I haven't reviewed in detail, but I have some high level comments:
* 2/6 seems suspicious. Why are we running copyprop on out-of-bounds loads if we're going to delete them? Can't we DCE them first?
* The point of having UNRESOLVED_CONTINUE vs CONTINUE is that the IR should always have uniform semantics. 4/6 is breaking that rule. If we need to do this we should move the *entire* resolution pass later, and change the jump type when we do.
* That said, why do we need 3/6 and 4/6 at all? It seems suspicious. After all, a loop like
for (i = 0; i < n; ++i) { ...; }
is isomorphic to
i = 0; for (;;) { if (!(i < n)) break; ...; ++i; }
and we should be able to unroll both of them equally well.
* In 5/6 please separate a patch to move evaluate_static_expression_as_uint() upwards.
* Why loop_unrolling_find_unrollable_loop()? Usually we just iterate over all instructions, why are we not doing that here?
* Why are we cloning the loop before unrolling it?
* Saving and restoring the copy propagation state works, but it's a bit unfortunate, and reaching into the copyprop internals seems scary and is not something I really want to have to think through.
Instead here's an alternate approach. I haven't tried to implement it but I think it should work:
In the top level pass, every time we encounter a loop, we only unroll one iteration. Record that we have done so in the loop itself, probably by incrementing some counter, or maybe even by decrementing the "unroll_limit" field (not immediately sure if that causes problems). After running an iteration, run DCE, remove_unreachable_code(), etc.
The upshot of this is that we don't have to explicitly check whether we can stop unrolling: if we've unconditionally broken after some number of iterations, then remove_unreachable_code() / DCE will simply remove the loop, and we no longer need to unroll it.
In the top level pass, every time we encounter a loop, we only unroll one iteration. Record that we have done so in the loop itself, probably by incrementing some counter, or maybe even by decrementing the "unroll_limit" field (not immediately sure if that causes problems). After running an iteration, run DCE, remove_unreachable_code(), etc.
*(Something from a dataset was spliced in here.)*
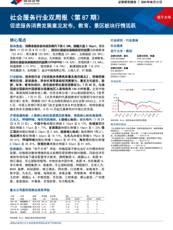 【国信证券】【20240812】社会服务行业双周报:促进服务消费发展意见发布,教育、景区板块行情活跃-10页

The upshot of this is that we don't have to explicitly check whether we can stop unrolling: if we've unconditionally broken after some number of iterations, then remove_unreachable_code() / DCE will simply remove the loop, and we no longer need to unroll it.
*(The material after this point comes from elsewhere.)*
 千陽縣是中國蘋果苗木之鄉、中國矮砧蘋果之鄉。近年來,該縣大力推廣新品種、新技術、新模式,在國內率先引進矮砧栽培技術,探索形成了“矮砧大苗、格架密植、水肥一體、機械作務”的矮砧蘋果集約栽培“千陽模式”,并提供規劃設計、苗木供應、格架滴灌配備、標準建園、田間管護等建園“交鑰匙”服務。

As discussed on IRC, there is a problem with this approach. If the loop contains a (conditional) break, you need to guard out future iterations of that loop with a temporary variable. This means that every iteration of the loop will be inside an if block nested one additional level. That's fine in itself, and it produces correct code, but it runs into the documented maximum of 64 levels of nesting. [It's also mean to our current implementation of copy-prop, although I think we could potentially do things differently.]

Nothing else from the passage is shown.